> Source material
———

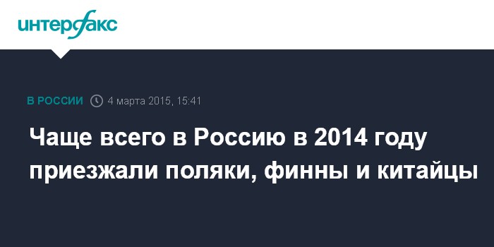Чаще всего в Россию в 2014 году приезжали поляки, финны и китайцы
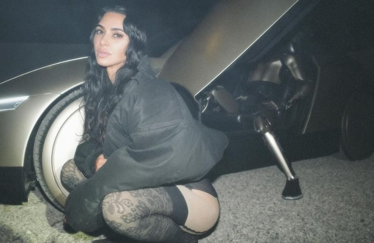 Kim se valió de unas medias color carne con el diseño de un liguero negro y unas medias, tacones de punta y una chaqueta negra para su provocador posado.
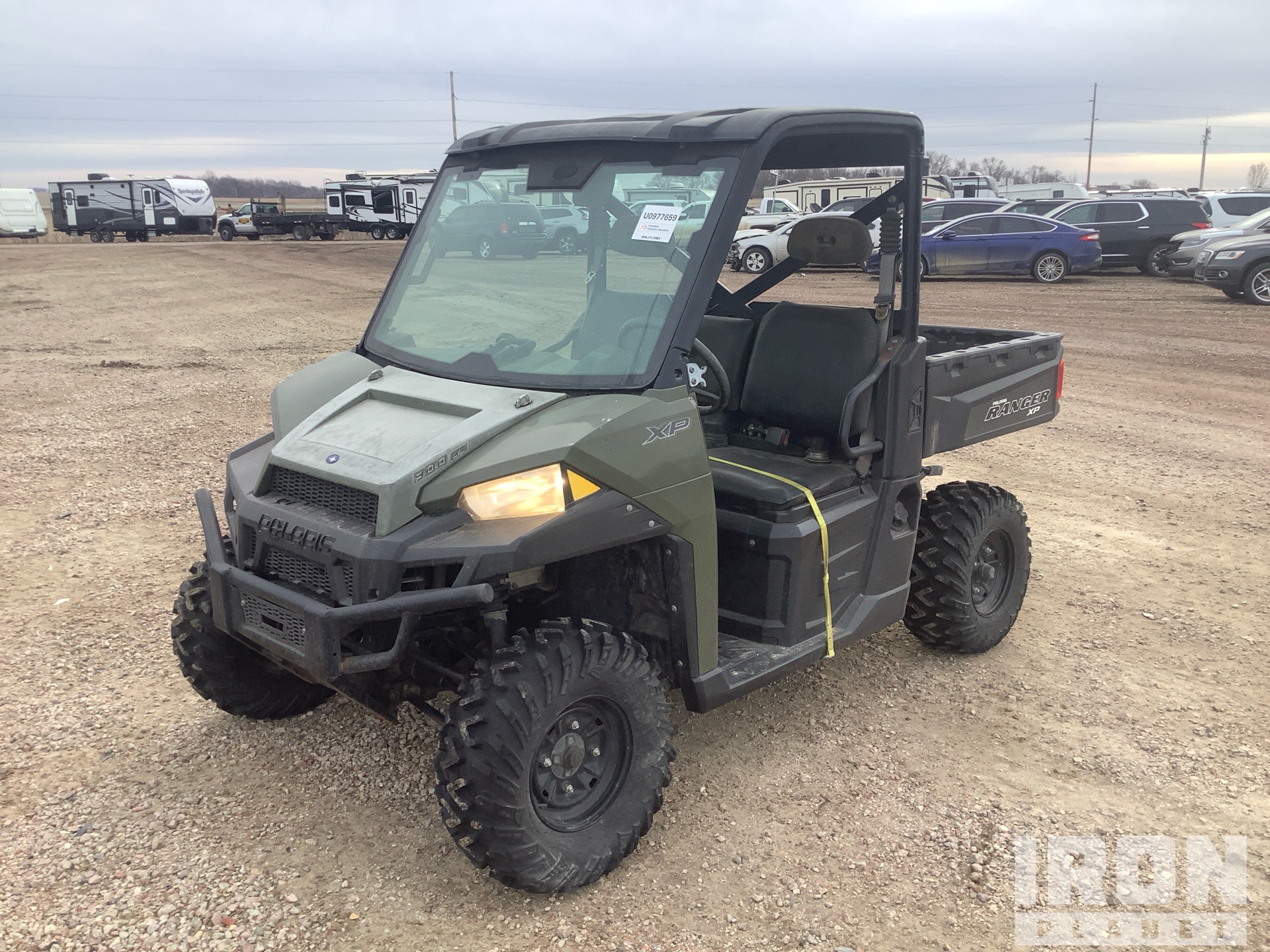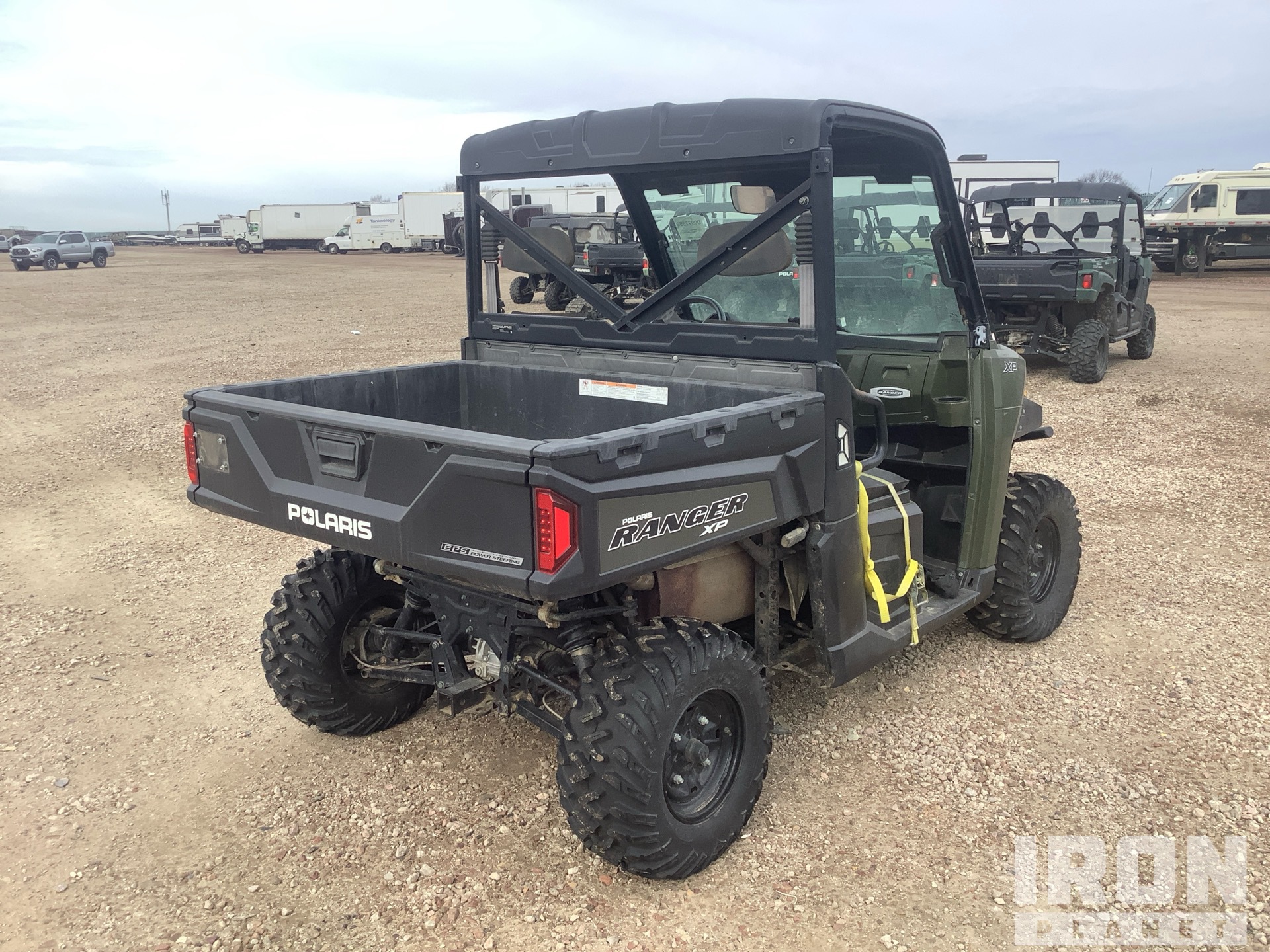Canopy, 2 Passenger, Windshield, Brush Guard, Hitch Receiver, Manual Dump Bed, Polaris 2 Cylinder 900 cc Gasoline Engine

———

> Work required
Repeat the data above in full and exactly. Omit every image.

> Task result
Чаще всего в Россию в 2014 году приезжали поляки, финны и китайцы
 Kim se valió de unas medias color carne con el diseño de un liguero negro y unas medias, tacones de punta y una chaqueta negra para su provocador posado.
Canopy, 2 Passenger, Windshield, Brush Guard, Hitch Receiver, Manual Dump Bed, Polaris 2 Cylinder 900 cc Gasoline Engine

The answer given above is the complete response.